Whether you win or lose, it is how you play the game.  Well congratulations is in order to all of the Gentle East competitors who played the game yesterday at the Maryland East Coast Open Taekwondo Championship!

 I was proud to be there with all of my Gentle East family, and realized how lucky we are to have instructors who are involved not only in teaching us the sport, but in making these tournaments what they are.  Master Holloway led and supported all of the referees all day long, and managed to be at every ring that one of his students was competing in.  Master McDermott along with serving as treasurer for the Maryland State Taekwondo Association, was everywhere, all day long, helping everybody from coaching to computer scoring.  And Master Schoenbrun serving as secretary for MSTA refereed all day long and managed to support her students in all of their competitions.

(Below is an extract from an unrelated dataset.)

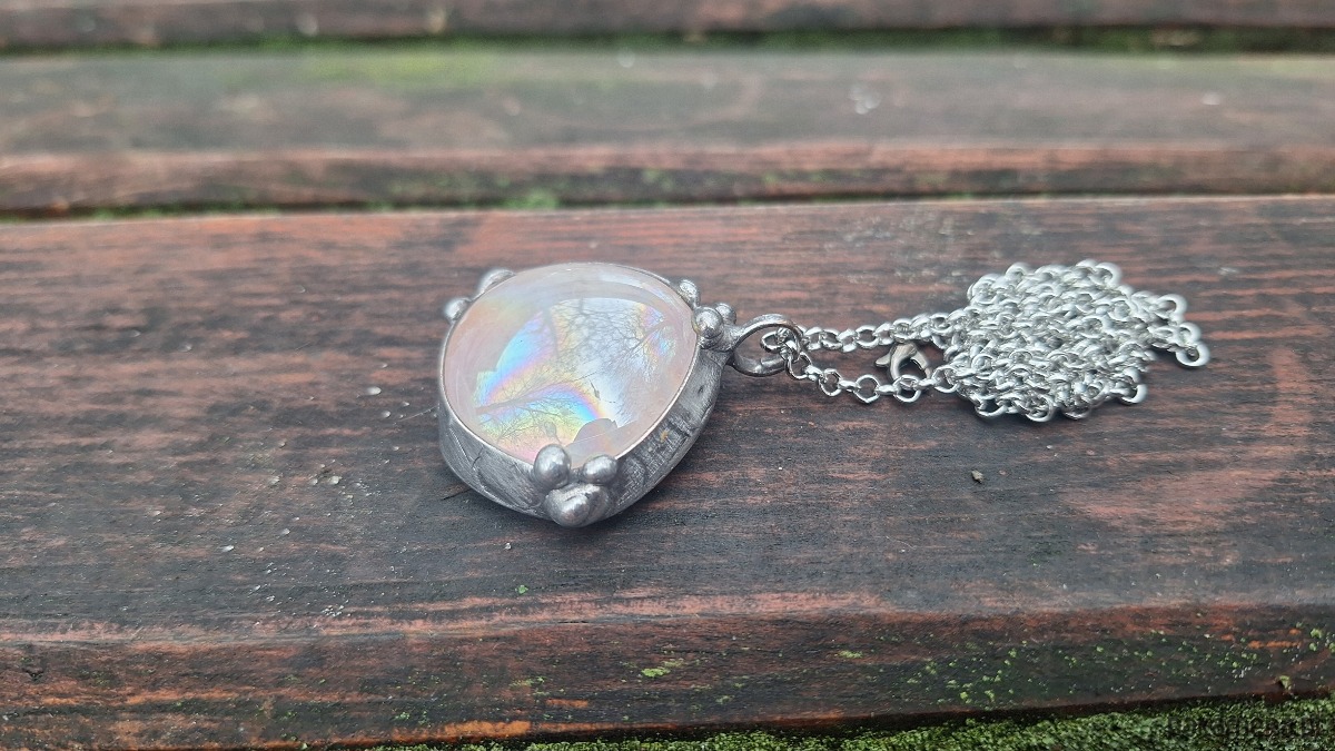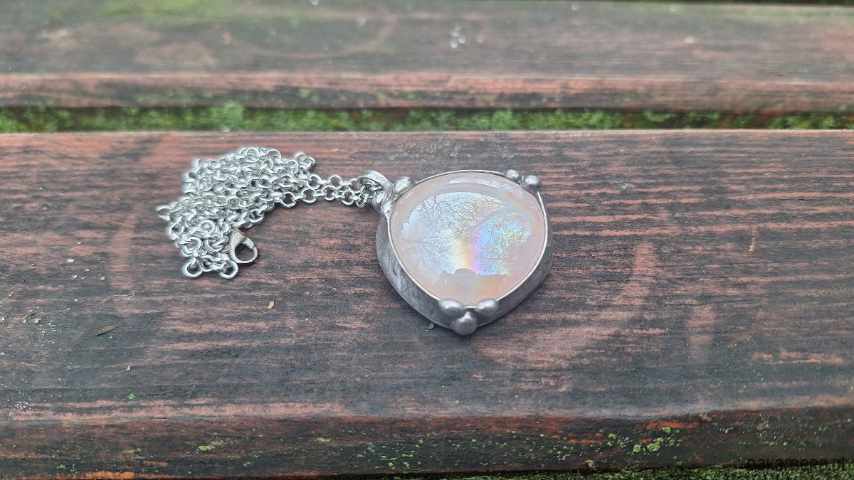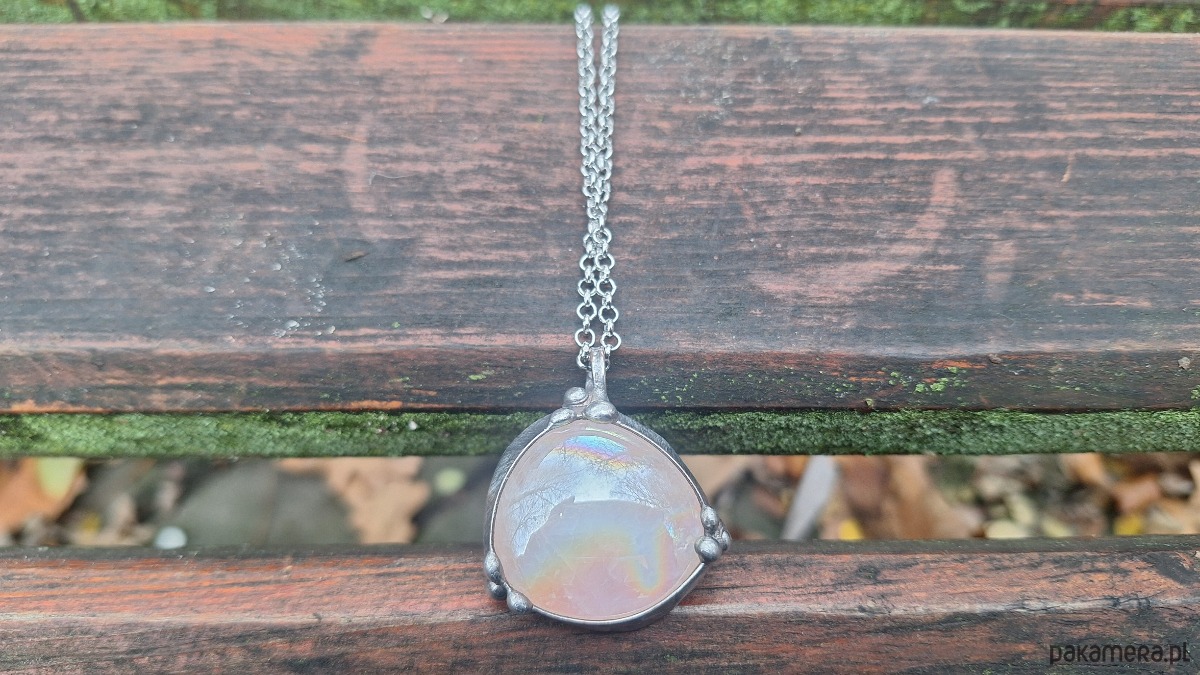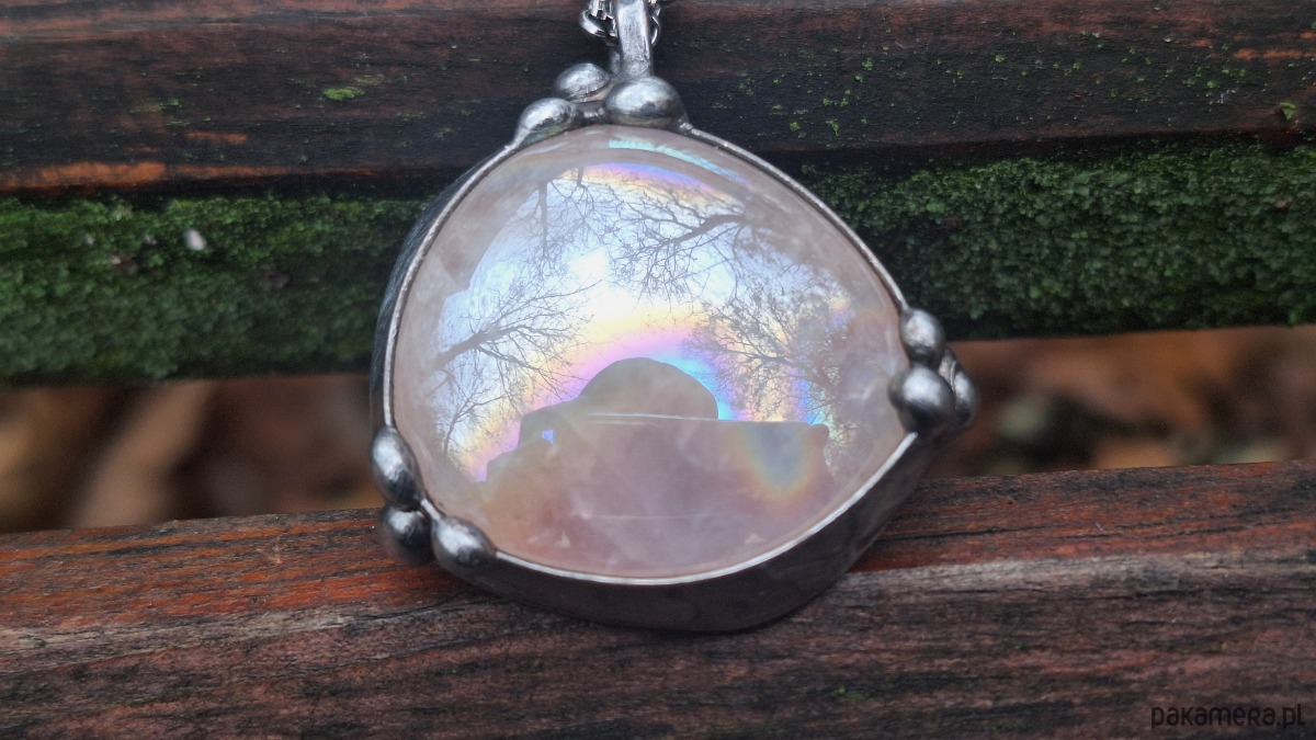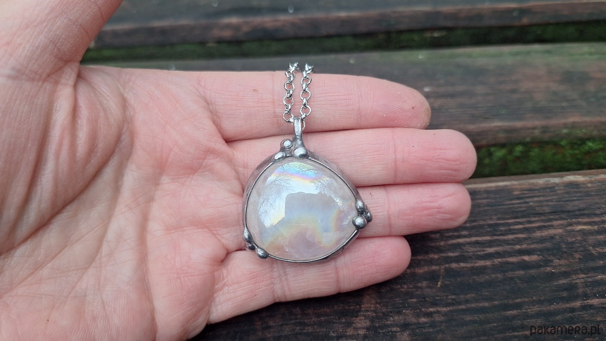 Wisiorek wykonany z miedzi, cyny i kryształu górskiego z aurą anielską. Wymiary ok. 3 na 3 cm. Zawieszony na łańcuszku o długości ok. 50 cm.

 Jonathan and I, and many of our classmates from the YMCA and Gentle East in Silver Spring competed in forms, team forms, board breaking and sparring and there were a lot of trophies going home at the end of the day.  And in some cases there weren't.  And still we played the game and were better for it.  As Master Joe said during opening ceremonies, "do your best and forget the rest".  And we did.  Part of the accomplishment was just being there, having the courage to compete at all, to put ourselves out there and be part of the game.

Great job everyone!
From Gentle East YMCA
Back row from left to right - Leora, Dana, Nichole, Laura
Bottom row from left to right - Jonathan, Riley, Annabelle

Friday, May 13, 2011

Addicted

I picked sports as my drug.  It hit me this morning in the shower as I ruminated over Master Holloway's "take a Valium and do it again" comment.  From a really early age I picked sports as my drug to either numb me up or jazz me up when I was down.  The focus of sports kept me alive, it is part of my identity and my spirit soars there.  So it is not an illegal drug but it is just as powerful, just as addictive.  Is it a healthy drug?  This is the dilemma in my mind today as I write.

When I am high on sports (my drug) it can help me perform when I need that crazy extra power and drive ie; board breaking or sparring.  When I am high on my drug and then I have to slow down and focus I find it difficult.  I am tired, off balance not breathing, no help when you are performing Won-yo for the 86th time.  Can I make my drug work for me in all areas?  Can I learn to focus my high so that all the positive effects come together for a more peak performance?  Probably.  Is being high on this drug bad?

We are our own worst judge.  The part that is unhealthy is using it as an escape, to make me feel different because I don't want to feel the way I feel.  Rather than just facing the fear or the feeling and moving through it, I like taking my drug because it makes me feel powerful and joyous again.  There have been weeks when I just wait until the next day that I can get my fix, craving it, and not wanting to be where I am.  But where I am is all I have, so this is the bad part.  Not recognizing that in the moment and being okay with being present, even if I am sad, bored, angry, empty or unhappy.  Being addicted to elation is what I have been accused of.  Isn't everyone?  Aren't we all looking for the next happiness moment?

What if every moment was perfect how it is, even the crappy ones?  Would the idea be to just be aware of it and smile anyway?  I will keep this drug for now, and break a few good boards in the mean time.